• [TASK OBJECTIVE] Records follow. Print exactly the lines from the one that has "평택시(시장 정장선)는 1월" through the one that has "2月初,山东省基督教两会在发", inclusive, and omit the pictures.

[Data excerpts]

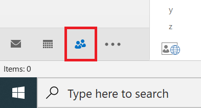 - Abra o Outlook e clique emContacts ou o ícone Pessoas, dependendo da versão do Outlook em uso.
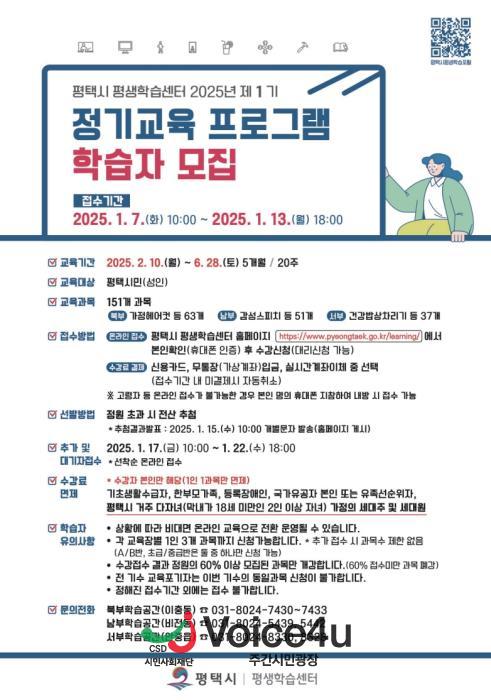 평택시(시장 정장선)는 1월 7일부터 13일까지 평생학습센터(북부, 남부, 서부)의 ‘2025년 제1기 정기교육 프로그램’ 수강생을 모집한다.
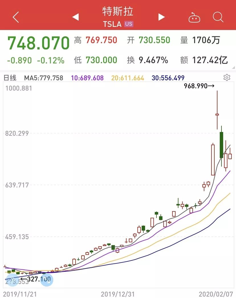 特斯拉在上周上演了大涨大跌的过山车行情,继在2月3日特斯拉美股股价经历19.9%的暴涨、2月4日创下每股968.99美元的盘中最高纪录,以及经过2月5日17.18%的暴跌后,特斯拉于2月7日最终收跌0.89%,最新总市值超1348亿美元。
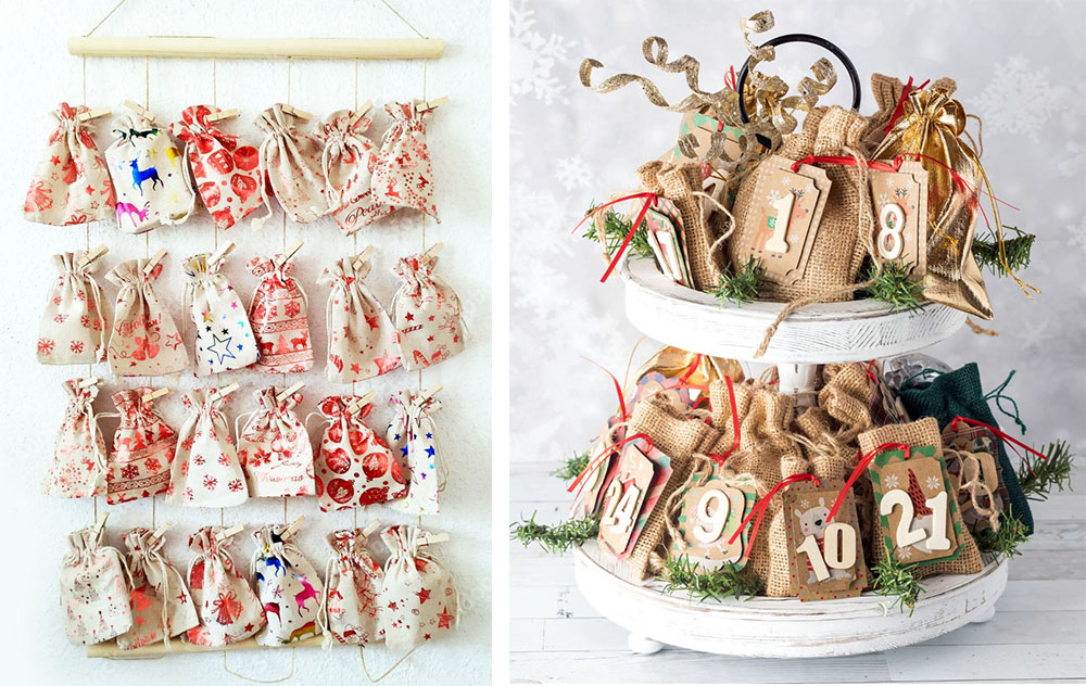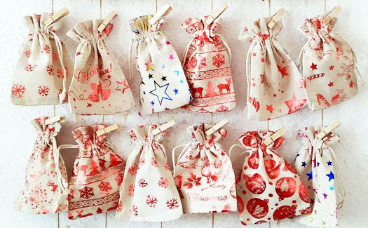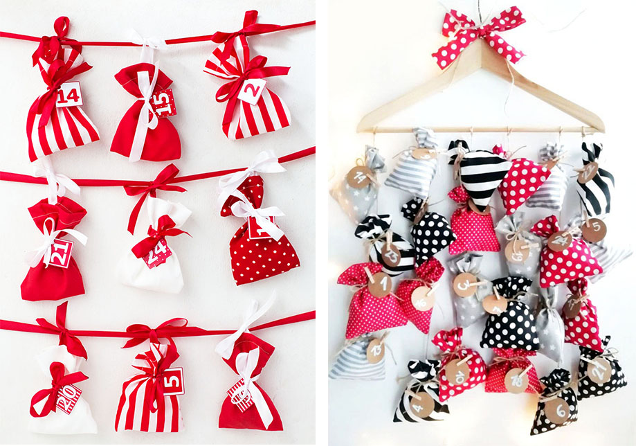 Najjednoduchšie je ušiť vrecúška z režného plátna alebo jemnejšej bavlny, hodia sa akékoľvek textilné zvyšky. Je na vás, či sa rozhodnete pre farebne nenápadné, na ktoré umiestnite výrazné nálepky s číslami alebo zvolíte radšej textílie v červenom štýle, na ktoré zavesíte očíslované vianočne ladené drevené figúrky z obchodu.
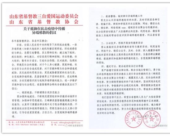 2月初,山东省基督教两会在发布数篇关于预防抗击疫情的通知后,专门发布了“关于抵御在抗击疫情中传播异端邪教的倡议”。倡议文件如下:
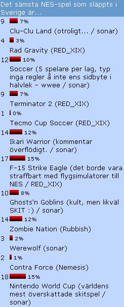 Japp... För er som vill kika in någon av de 36 pollarna som har varit hittils i SENs två år långa historia så finns det nu länkar upplagda till dem på pollsektionen. Här kan man bland annat få reda på vad klockan oftast är, hur många av SENs besökare som är oskulder och om det är olika smak på de olikfärgade Ahlgrens bilarna eller inte... ta en titt!
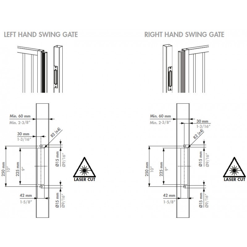 Profil en aluminium thermolaqué (recoupable), de 2 mètres pour une finition parfaite entre 1 ou plusieurs ventouses montées en applique ("MAG3000" ou "MAGMAG3000"). Fixation sur le pilier de réception pour éviter de hurter la ventouse.

• [TASK OUTPUT]
 평택시(시장 정장선)는 1월 7일부터 13일까지 평생학습센터(북부, 남부, 서부)의 ‘2025년 제1기 정기교육 프로그램’ 수강생을 모집한다.
 特斯拉在上周上演了大涨大跌的过山车行情,继在2月3日特斯拉美股股价经历19.9%的暴涨、2月4日创下每股968.99美元的盘中最高纪录,以及经过2月5日17.18%的暴跌后,特斯拉于2月7日最终收跌0.89%,最新总市值超1348亿美元。
 Najjednoduchšie je ušiť vrecúška z režného plátna alebo jemnejšej bavlny, hodia sa akékoľvek textilné zvyšky. Je na vás, či sa rozhodnete pre farebne nenápadné, na ktoré umiestnite výrazné nálepky s číslami alebo zvolíte radšej textílie v červenom štýle, na ktoré zavesíte očíslované vianočne ladené drevené figúrky z obchodu.
 2月初,山东省基督教两会在发布数篇关于预防抗击疫情的通知后,专门发布了“关于抵御在抗击疫情中传播异端邪教的倡议”。倡议文件如下:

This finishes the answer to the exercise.